2023 Word of the Year


Back in January of 2023, I attended a church service where we were all invited to pick a word (printed on a piece of paper cut out in a star shape) to carry us through the year.  I had done this before and I would put the word on my refrigerator so that I could be reminded of it throughout the year.   The word I picked was "righteous" and I'll admit I didn't like it.  It's not a negative word by any means.  Merriam-webster.com says:  acting in accord with divine or moral law.  That's pretty darned good, but the word seems to be most commonly used to reflect someone who is snobby or wears righteousness as a badge of honor.  (The phrase righteous indignation comes to mind which for me conjures up negativity.) 

In my mind, the word of the year for me is LOSS. (With a side order of guilt.) I have experienced so much loss in 2023 that I'll admit I've been unable to process it all.  Too many loved ones have been lost over too short of a time.  It's actually hard to remember all of those who have died this year.  When I make a list in my mind, I find that I've left out people and it becomes too much.

In all honesty, loss is really a word that encapsulates the past 18-20 months and not just the calendar year.
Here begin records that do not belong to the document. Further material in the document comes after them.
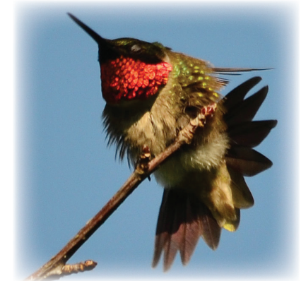
Ruby-throated Hummingbird—male

Although small numbers of ruby-throats historically overwintered in southern Florida and on the Gulf Coast, in recent winters they have become increasingly common northward to North Carolina's Outer Banks and, in some cases, even at inland locales in the southern U.S. (Most winter hummingbirds in the eastern U.S. are western species, especially Rufous Hummingbirds.) With their vast distribution across North and Central America, Ruby-throated Hummingbirds are arguably the most abundant of all 340-plus hummingbird species.
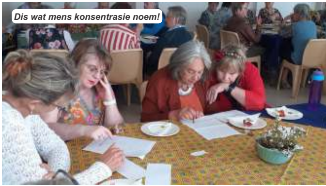
Dis wat mens konsentrasie noem!
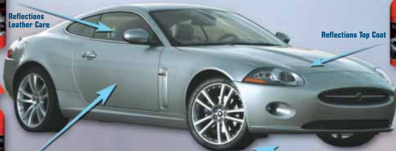
Reflections Top Coat
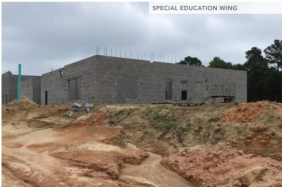
SPECIAL EDUCATION WING
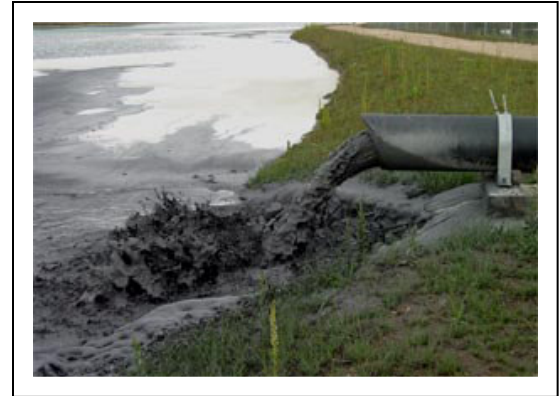
PFA slurry discharging into a lake. This is the fate that awaits Thrupp Lake

If we cannot lift a finger to save the Radley Lakes, then God help the rest of the planet!
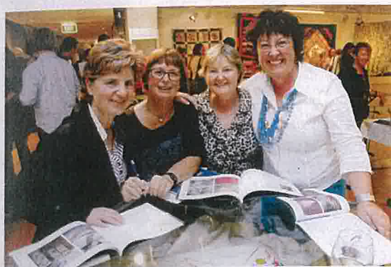
Figure 1: Participants meet for the first time at the 'it keeps me sane' exhibition
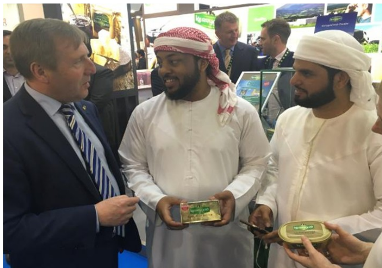
Minister for Agriculture, Food and the Marine, Michael Creed, TD, on a visit to Gulfood, the world's largest agri-food trade fair, where over 20 Irish companies are exhibiting at the Green Pavilion, coordinated by Bord Bia.

This Trade Mission to the Gulf was planned specifically to coincide with Gulfood, which provided Irish companies with an exciting opportunity to showcase the best of their safe, high quality and sustainably produced food and drink, across a range of sectors including dairy, meat, eggs, consumer foods, biscuits and more. I was particularly pleased to see over 20 Irish companies participating in this event showcasing the best of what Ireland has to offer in this sector.
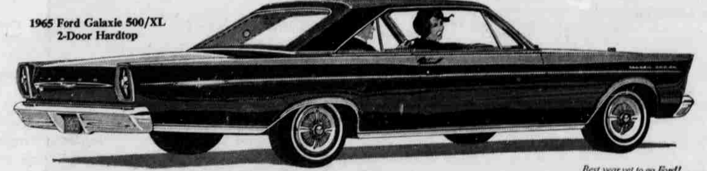
New ultra-luxurious Ford LTD has quilted nylon-and-vinyl upholstery, thick cut-pile carpeting, rich walnut-like paneling in doors and instrument panel, and (like all Fords) —spaciousness. Even more hip, shoulder, knee room than last year.
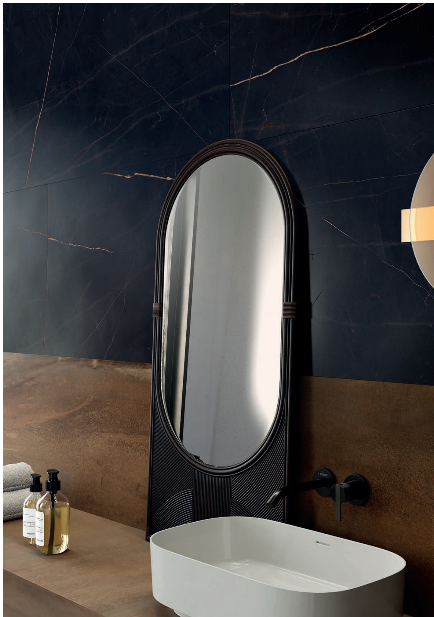
wall: MARMI PRIMO PRECIOUS BLACK ANT. 3D R. 60x120+INTERNO 9 RUST NAT. R. 60x120 washbasin top: INTERNO 9 RUST NAT. R. 120x280 / floor: MARMI PRIMO PRECIOUS BLACK ANT. 3D R. 60x120
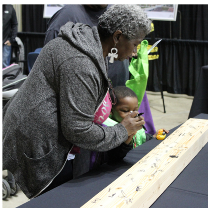
There will be lots of activities for me to try. I can even put my name on a beam for the Tacoma Dome.
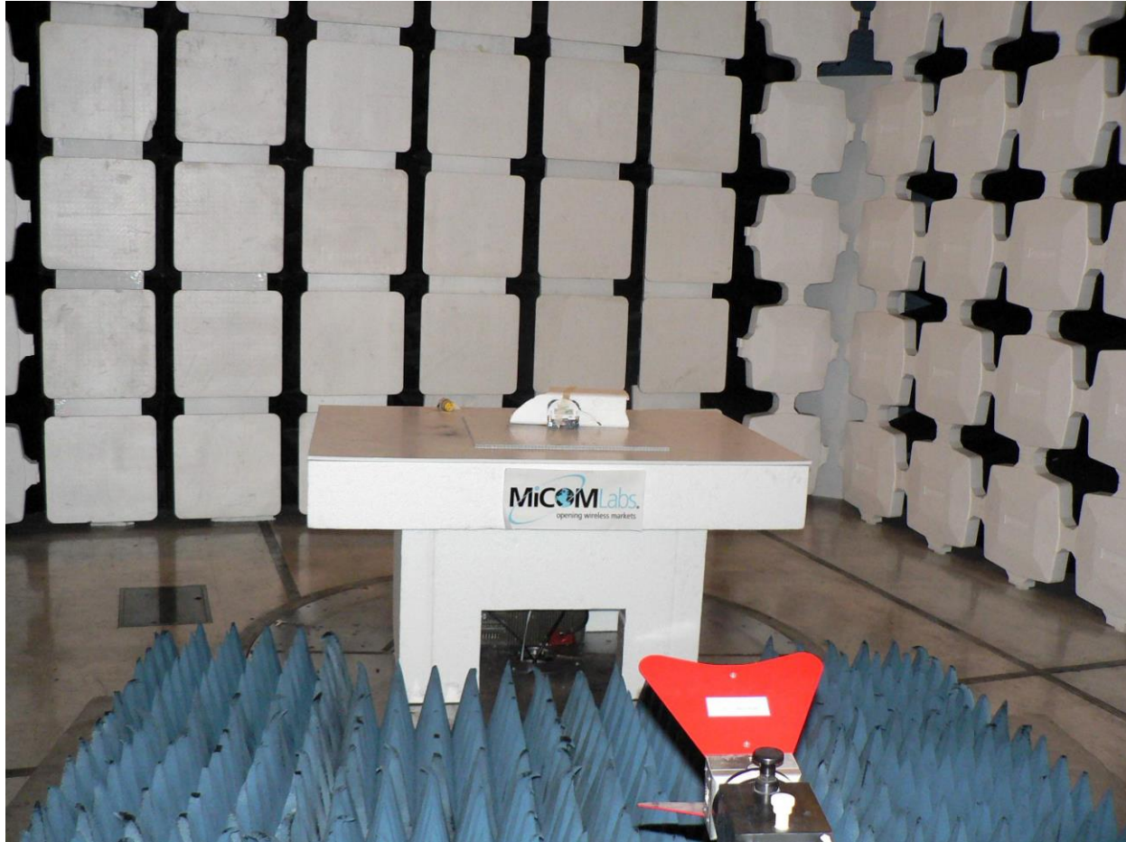
Digital Emissions 1-18GHz
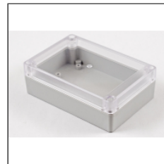
Clear Lid (polycarbonate version shown)
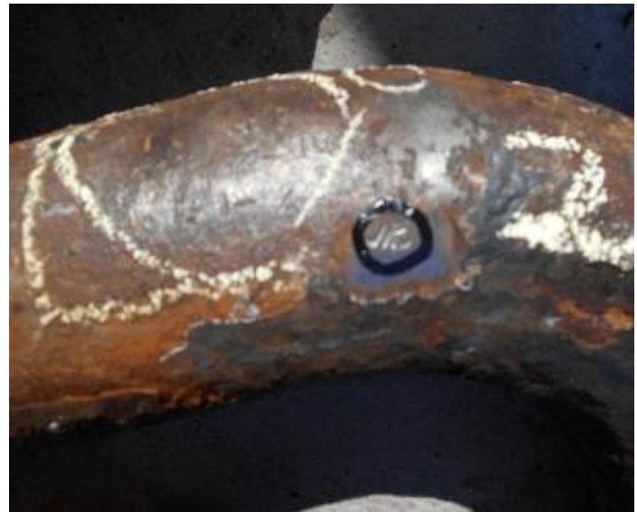
NO. 1 UPPER SHACKLE
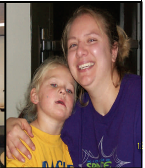
EISENHOWER TOWER CHRISTMAS TREE DECORATING PARTY.
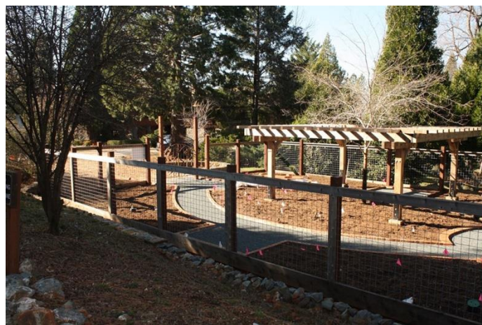
The East elevation

Gratitude and props to local Rotary and Soroptimist volunteers whose invaluable efforts (including the planting still to come) have helped us realize our vision for the Heritage Garden. We are excited to invite you to the Garden's "ribbon cutting" during our June 23 "Heritage, History and Hops" event.
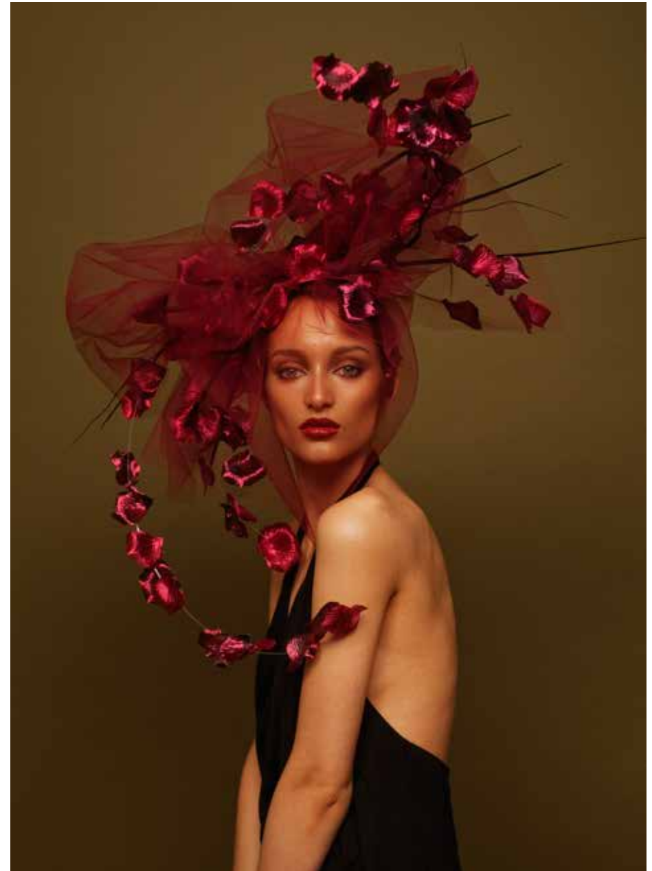
Petal Shower AW1501
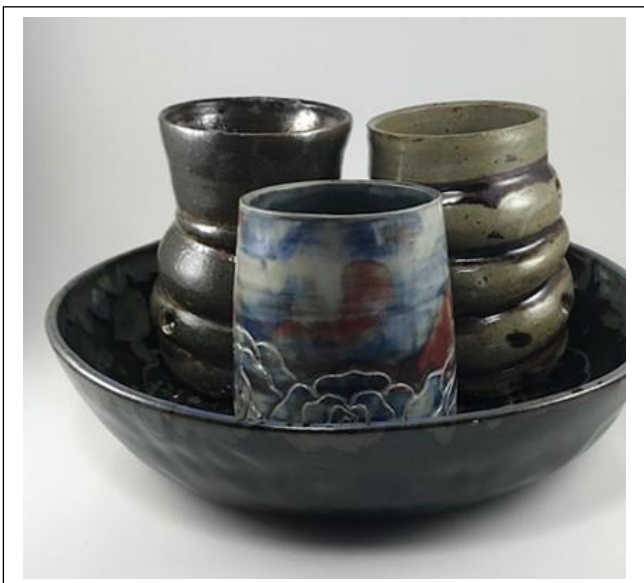
"Tumblers in a Bowl" (3 rd Year Student - 2019)
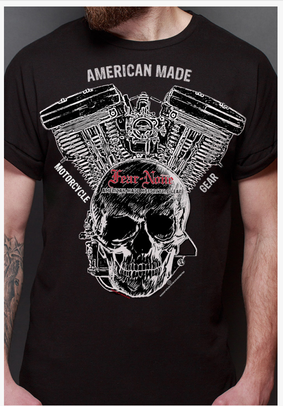
FEAR-NONE motorcycle clothing's Old School Collection

For media inquiries or to explore the "Classic American Skulls" collection, please contact:
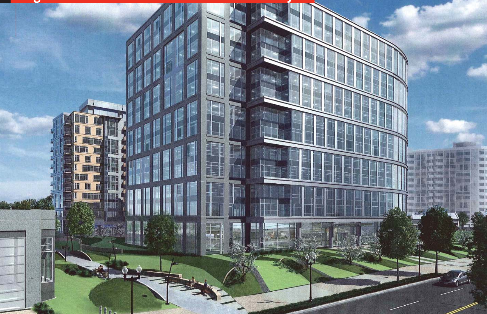
Groundbreaking for the new DARPA facility, shown in this rendering, is scheduled for early 2010.
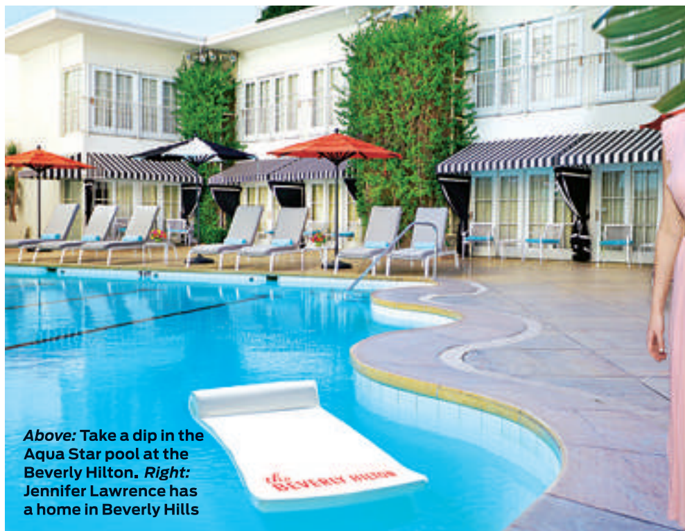
Above: Take a dip in the Aqua Star pool at the Beverly Hilton. Right: Jennifer Lawrence has a home in Beverly Hills

WITH THE OSCARS COMING UP, STAR-STUDED BEVERLY HILLS IS THE ONLY PLACE TO BE
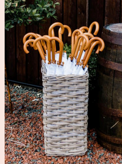
Umbrellas x 20 (inc holder)
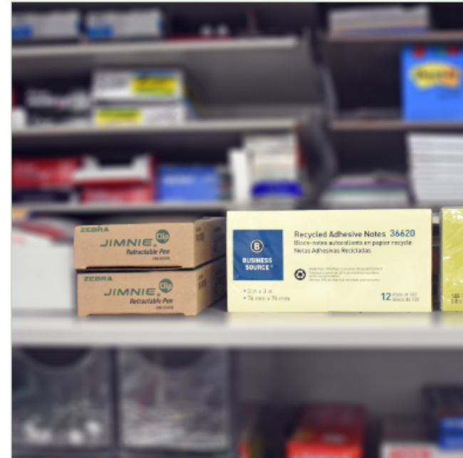
Purchasing 30% post-consumer recycled content paper is now law in California for cities and counties.

https://www.acgov.org/sustain/what/purchasing/sb1383.htm
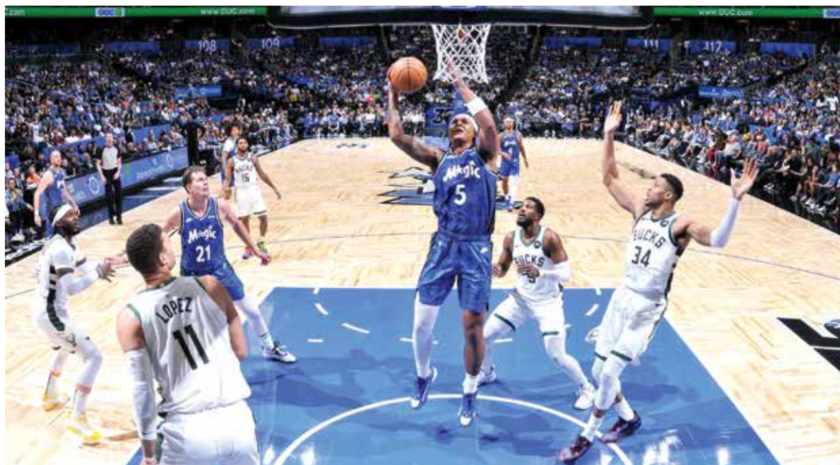
Magic's Paolo Banchero (5) goes up for a basket during an NBA victory over the Bucks at Amway Center, Orlando, FL, US, on Nov. 11, 2023.

Donovan Mitchell (21 points), Darius Garland (19) and Evan Mobley (19) led all five starters in double figures for the Cavaliers, who had lost 12 straight regular-season games to the Warriors before a 115-104 home win last Sunday. The sweep was Cleveland's first over Golden State since 2010. Stephen Curry led all scorers with 30 points but shot just 4-for-14 on

It begins with my mother's declining health in May/June of 2022 and her death on July 9th of that year. There was grief on my part, but I think I mostly kept that in check as I had so much I had to take care of.  Frustrating paperwork and financial institutions that said they were sorry for my loss but continued to make my life more complicated.

Then in January it was obvious that my father had lost the ability to do many physical things.  Thankfully he had a live in caregiver to take care of most of his needs, but I would have to go down once a week to take care of financial matters; making sure that bills got paid and that income was properly recorded in his ledger.  (A total pain in the ass.)  Then he was in the hospital.  Then he came home.  And then he ended up in the hospital again.  Then it was to a rehab facility.  After several months it was back to the hospital.  Then to a different rehab facility.  Back to the hospital.  This was life for 5 or so months until a nurse finally said to me that he wasn't going to heal fully EVER and I wondered why he needed to go to rehab.  I had him come home on hospice care and I feel the loss of all those months.  Months where perhaps he could have been more comfortable.  Months that I feel I should have done something but didn't.  I might even grieve that more than I grieve his death.

I lost my dad 357 days after my mom.  I was on vacation when he died, so talk about loss and GUILT.  (I was well aware this would be a possibility, but really did think he would hang on a little longer.)  While I was dealing with that loss, I also found out that one of his good friends passed away just 4 days afterwards and then my beloved cousin's wife died a day later.  Talk about loss!  (There was the guilt that I wasn't as aware as I should have been about how bad her health had been.  Guilt that I wasn't there to support my cousin as he cared for his wife.  Guilt that she didn't know how much she meant to use, even though we didn't see her often.  Guilt that my cousin still doesn't know how much he means to us and how we wish to spend more time with him.)  All of this happening within 7 days was overwhelming.  (And probably why I haven't processed it all yet.)

While I am thrilled that my son is having an incredible time at college (Mom Brag:  He did REALLY well in his first semester), it's been difficult adjusting to him not being here.  (And difficult adjusting when he IS here.)  I have come to despise the term "empty nester," as it emphasizes what is missing in my life.  (Even if it is not a loss.)

As the year went on there was more loss.  My aunt in Colorado (guilt that I didn't know how unwell she was), two neighbors who were more like family than just friends.  A friend from the time I was born died and I was sick so I didn't attend her memorial service.  (More guilt.)  Friends lost loved ones too and I carry the guilt that I wasn't there (or there enough) to ease their pain.

So much loss packed into one horrible year.  (And I thought 2022 was my annus horribilis.  Boy was I wrong!  I should have never tempted fate.)  I KNOW that I have tucked much of my grief away as I deal with the challenges that life continues to throw at me (as it does to all of us) and I wonder when it will all come spilling out.  (That will be ugly!)  Or will it continue to trickle down, hitting me at the most inopportune times?  (Is there an opportune time?)

Perhaps I should write down the words loss and guilt and burn them.  Would that take away the hold they have on me?

I need a new word for 2024.  Joy?  Hope?  Calm?  Whatever it might be, let it be positive and let it be true.